Update, June 16, 2022: Adam Evans took home the James Beard Award for Best Chef: South this year! Congratulations to Chef Evans and his team at Automatic Seafood on their big win.
If you wind up at Automatic Seafood and Oysters on Monday, June 13, don’t be surprised if folks start gathering around the television in an anteroom at the Birmingham restaurant, or stare at Twitter on their smartphones.
They’ll be watching the feed from the James Beard Awards in Chicago to see if Automatic’s co-owner, Adam Evans, will be named Best Chef in the South during a ceremony conferring the nation’s top culinary awards.
“It’s an amazing thing for the restaurant and for everybody that’s on the team, working hard every day,” says Evans, who found out late last month that he’s one of five finalists for the regional award.
“I’m one person and there’s a lot I can do, but there’s a lot I can’t do,” he says. “This is a finalist award for the whole team.”
Ever since the Muscle Shoals native and his wife, Suzanne, opened the restaurant on April 1, 2019, the Evans and Automatic have not been strangers to national accolades.

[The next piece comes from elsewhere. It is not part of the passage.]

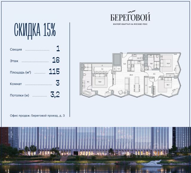 Река. Парк. Сити. Готовый дом в идеальном месте. Продается 3-комнатная квартира на 3 этаже с панорамным остеклением и видом на Береговой пр-д. Береговой — квартал-курорт в центре столицы. Готовый дом на первой линии Москвы-реки. Пешеходная набережная начинается прямо от дома — никаких дорог между вами и рекой. Уникальное сочетание природы парка Фили и ритма Сити. Ключи от нового образа жизни в Береговом: • 12 террас на крышах — ваши виды на Москву с высоты птичьего полета • Пешеходная набережная прямо у дома — ни одной машины между вами и рекой • Лобби с камином, переговорной и консьерж-сервисом • Флагманский Encore Fitness — самый большой в сети (4700 м²) с бассейном, термами и спа-комплексом • Детство на берегу Москвы-реки — в рамках проекта будут построены две школы и детский сад рядом с домом • Гастрономическая набережная: рестораны и премиум-сервисы откроются на первых этажах • Причал "Береговой" рядом с домом — путешествуйте по городу, пока другие стоят в пробках • Безопасность и уединение: контроль доступа на территорию, видеонаблюдение и круглосуточная диспетчерская • Двухуровневый подземный паркинг и кладовые Безупречная квартира для жизни: • Пространство света и воздуха: панорамные окна и высокие потолки 3.2 м • Технологии: центральное кондиционирование и роботизированная система очистки фасадов — вид из окна всегда будет идеальным • Совершенство планировки: просторная кухня-гостиная, минимум коридоров, максимум полезной площади • Квартира без отделки — возможность раскрыть преимущества планировки в вашем уникальном интерьере. Или выбирайте свою версию идеального дома в коллекции планировок: • С изолированными спальнями • Мастер-спальнями с гардеробными и ванными • Видовые ванные комнаты • Функциональные постирочные Эксклюзивные лоты: • Пентахусы с приватными террасами • Двухуровневые пентхаусы Локация, о которой мечтают 15 минут до Сити на машине — и вы в эпицентре деловой жизни. Две станции метро в пешей доступности — когда каждая минута на счету. Утром — пробежка по парку Фили, вечером — прогулка на велосипеде вдоль реки, выходные — водный спорт в Крылатском. Речные трамвайчики вместо такси, зеленые парки и благоприятная экология — привилегии престижного ЗАО Москвы. Условия покупки: выгодные программы покупки от застройщика, специальные условия при полной оплате. Оставляйте заявку на персональную презентацию в шоу-руме. Купить 3-комнатную квартиру рядом с метро Мневники.
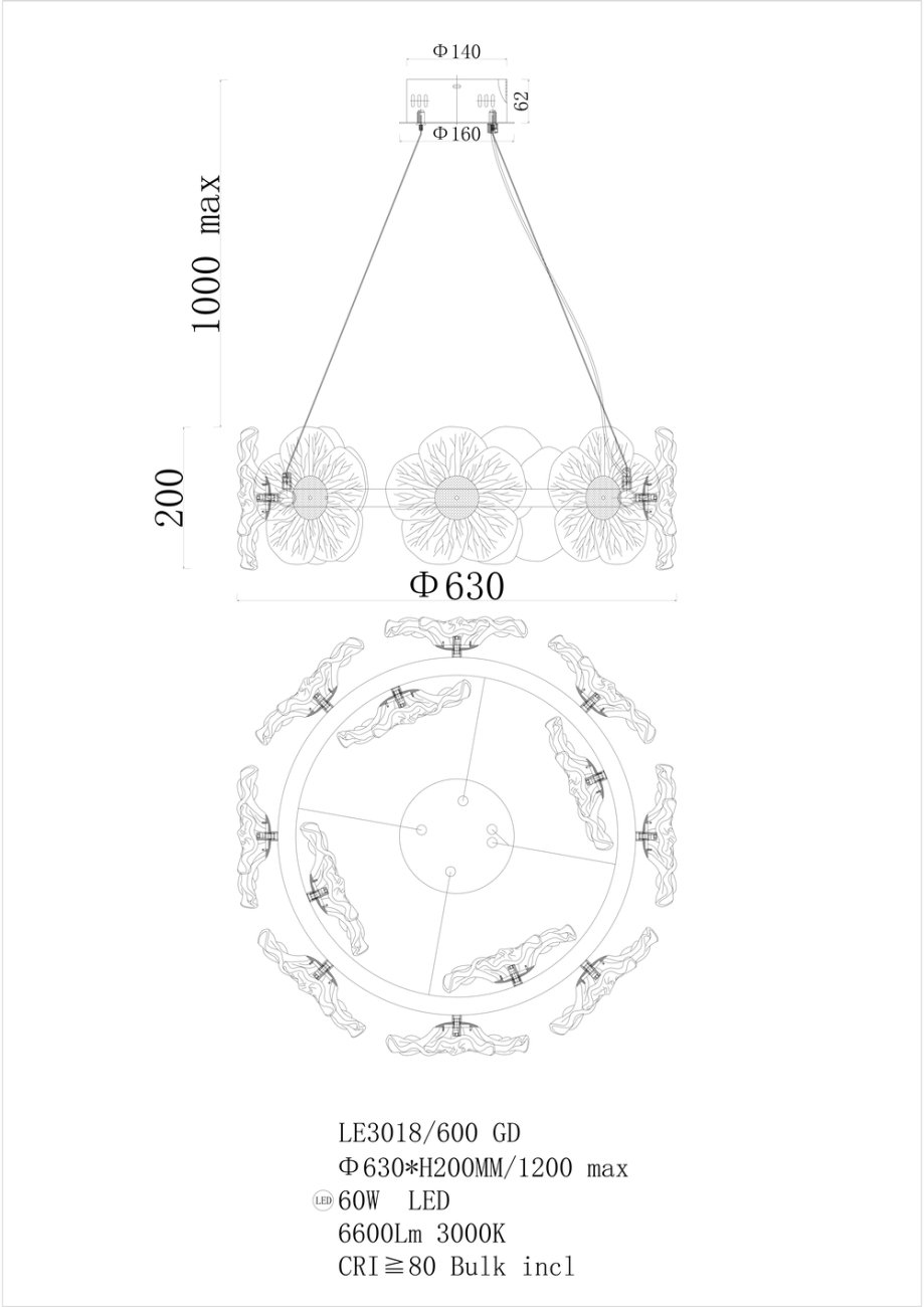 Подвесная люстра Violetta LE3018/600 GD

The Southside restaurant is a “best-of” regular in food media, including Esquire, Saveur, Thrillist, and Southern Living. Automatic also was named a 2020 Beard Award finalist for Best New Restaurant in the nation, days before the foundation decided to call off the awards for that year (and later 2021) due to the pandemic.

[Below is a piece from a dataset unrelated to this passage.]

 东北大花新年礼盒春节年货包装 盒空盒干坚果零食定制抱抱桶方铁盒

The cancellation left the restaurateur with mixed feelings. By being named a Beard finalist, Automatic still was dubbed one of the 10 best restaurants emerging across the entire nation in 2019 (similar to the Oscars, the Beard Awards mostly honor achievements from the previous year).
On the other hand, the folks at Automatic wanted to see how far they could go. “Of all the ‘new restaurant’ lists, that’s the one you want to be on,” Evans says. “We got on it, and that was some great news in a really dark time. To have it cancelled was a little disheartening.”

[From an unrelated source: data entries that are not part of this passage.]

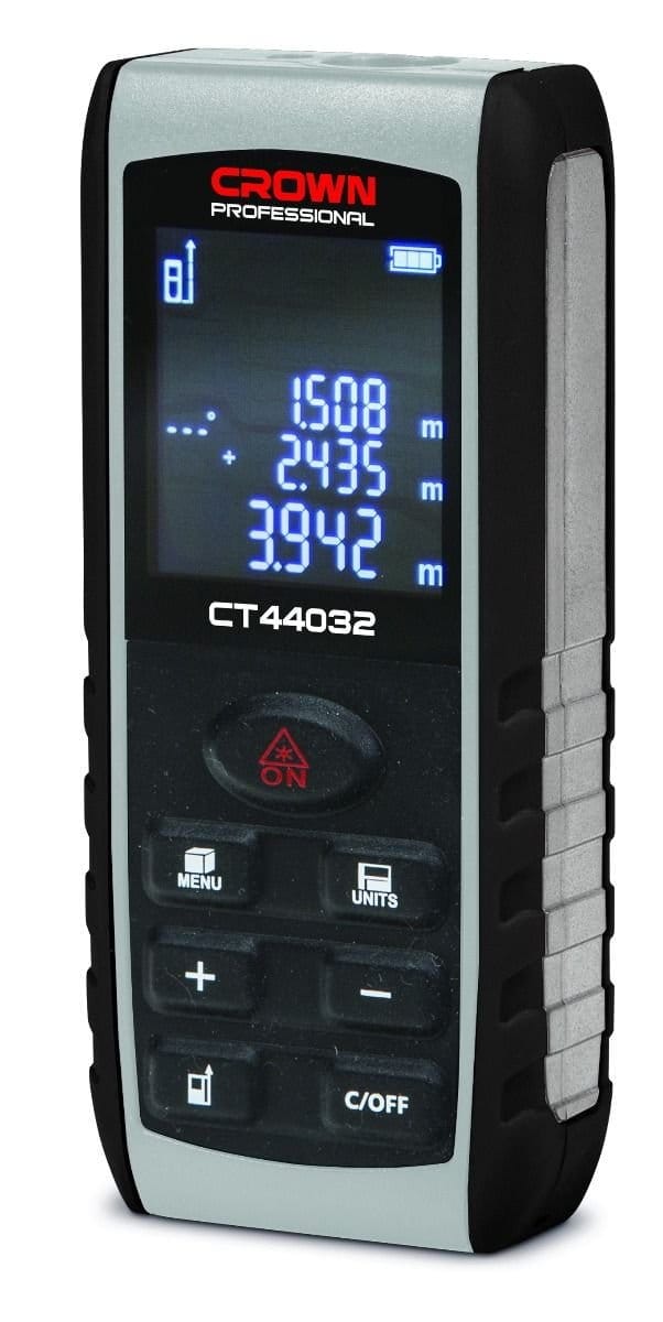 Télémètre laser CROWN CT44032, portée 40 m, affichage rétroéclairé et fonctions de mesure avancées. Compact, précis et idéal pour les chantiers, artisans et installateurs.
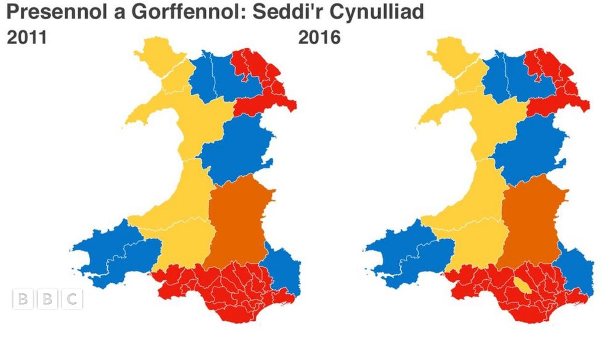 Mae'r ddau fap isod yn dangos nifer y seddi etholaethol y llwyddodd y pleidiau i'w cipio y tro hwn. Nid yw'r mapiau'n cynnwys y seddi rhanbarthol.
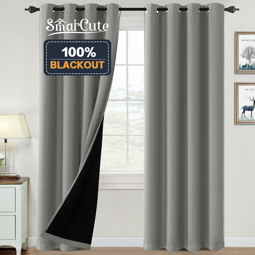 2x 100% Blackout Curtains Thermal Insulated Heat and Full Light with Black Liner
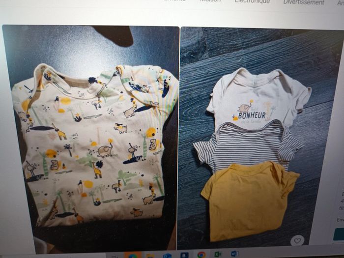 Lot de 4 body Mixte 3 mois (marque 6 mois mais taille petit) Couleur blanc et jaune Marque tape à l oeil Très bon etat
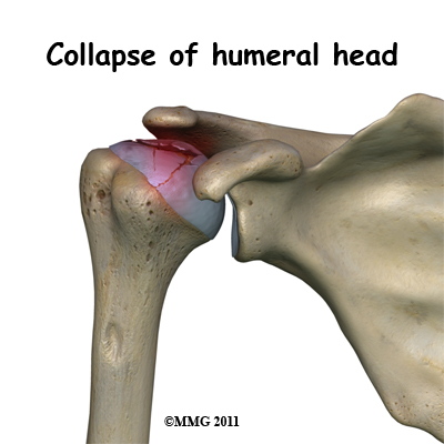 Osteonecrosis of the humeral head is a condition where a portion of the bone of the humeral head (the top of the humerus or upper arm bone) loses its blood supply, dies and collapses. Another term used for osteonecrosis is avascular necrosis. The term avascular means that a loss of blood supply to the area is the cause of the problem and necrosis means death.
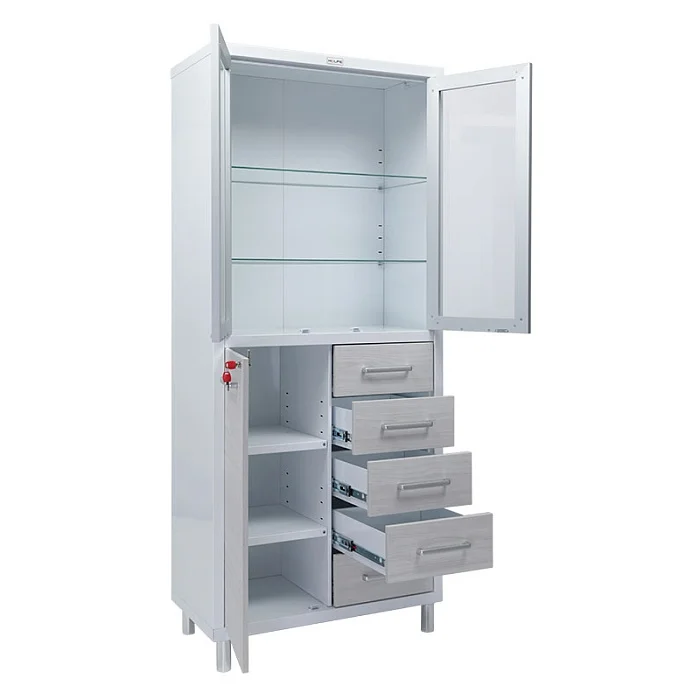 Медицинский шкаф HILFE МД 2 ШМ-SSK предназначен для хранения медикаментов, инструментов, больничных документов, карточек пациентов в медицинских учреждениях и организациях.
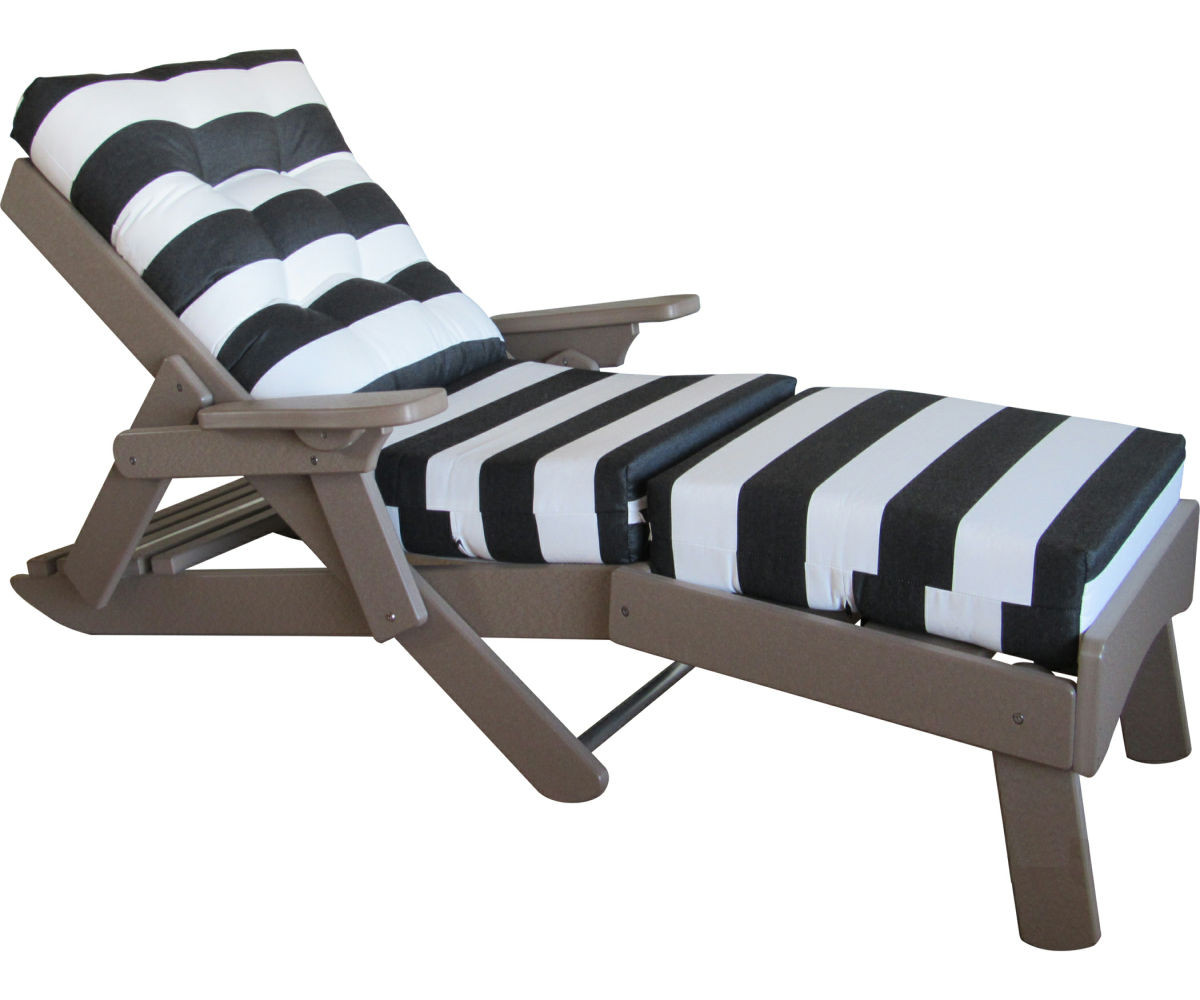 Description Caribbean Folding Chaise Shown in Weatherwood Poly Available in all poly and fabric colors
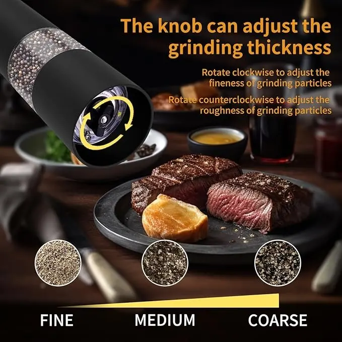 Upgrade your kitchen with this practical and efficient Electric Salt and Pepper Grinder Set, perfect for any cooking task.

Adam and Suzanne plan to fly to Chicago the day before the main awards ceremony, which will be held at Lyric Opera, starting at 6 p.m. Alabama time. He’s getting some sartorial help for the gala from Florence resident Billy Reid, whom the chef calls “my favorite fashion designer of all time.”
The chef initially built a reputation as a seafood genius in Atlanta restaurants. He and Suzanne decided to return to their home state (she’s from Arab), and join a maturing culinary scene in metro Birmingham that already has produced multiple Beard Award winners. Tim Hontzas, chef/owner of Johnny’s Restaurant in Homewood, also is a finalist this year for Best Chef: South.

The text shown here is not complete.